1. Consonantal unmarkedness
We argue that [m] is consonantally unmarked, by which we mean that it is the optimal consonantal, or "stop-like", nasal. Cross-linguistic evidence in favour of this position comes from syllable phonotactics, resistance to lenition processes, and patterning in segmental co-occurrence effects.
2. Segmental unmarkedness
We argue that [n] is the segmentally unmarked nasal, by which we mean that it is the optimal segmental realisation of nasality. Evidence in favour of this position comes first and foremost from the unmarked status of coronal segments in general: coronals are marked by their distributional freedom, typological frequency and susceptibility to place assimilation, and are generally the preferred default and epenthetic segments (cf. Paradis & Prunet 1991).
3. Vocalic unmarkedness
We argue that [N] is the vocalically unmarked nasal, by which we mean that it is the most "vowel-like" nasal. Support from those languages in which [N] has a restricted distribution as compared to /m/ and /n/, and from those languages in which [N] is the only nasal that is independently allowed syllable-finally.
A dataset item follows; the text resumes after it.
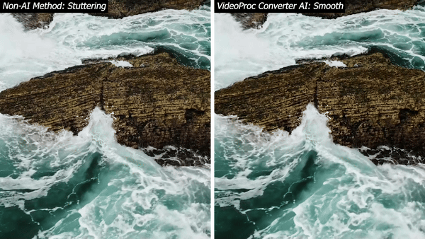 In the above comparison, the left-hand side video has a low framerate. This is a slow motion of a wave hitting the rock and this is typically what happens—especially with older footage.
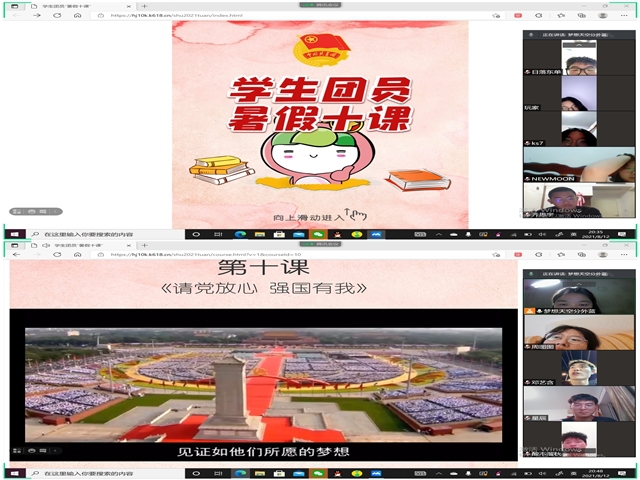 为加强爱国主义教育,促进青年学子知史爱党、知史爱国,八月中下旬,政法学院各班级团支部组织全体团员在线学习了“暑假十课”系列团课视频。

Building on Golston & van der Hulst (1999) and Botma & van der Torre (to appear), we provide a formal account of the observed (un)markedness effects within the class of nasals. Our basic claim is that syllables consist of "consonantal" and "vocalic" positions. Material that is syllabified under a nucleus (or rhyme) is typically more vocalic than segments syllabified under an onset. In Botma & van der Torre we claim that prosodic organisation involves top-down and bottom-up requirements, the interaction of which determines the prosodic interpretation of segments.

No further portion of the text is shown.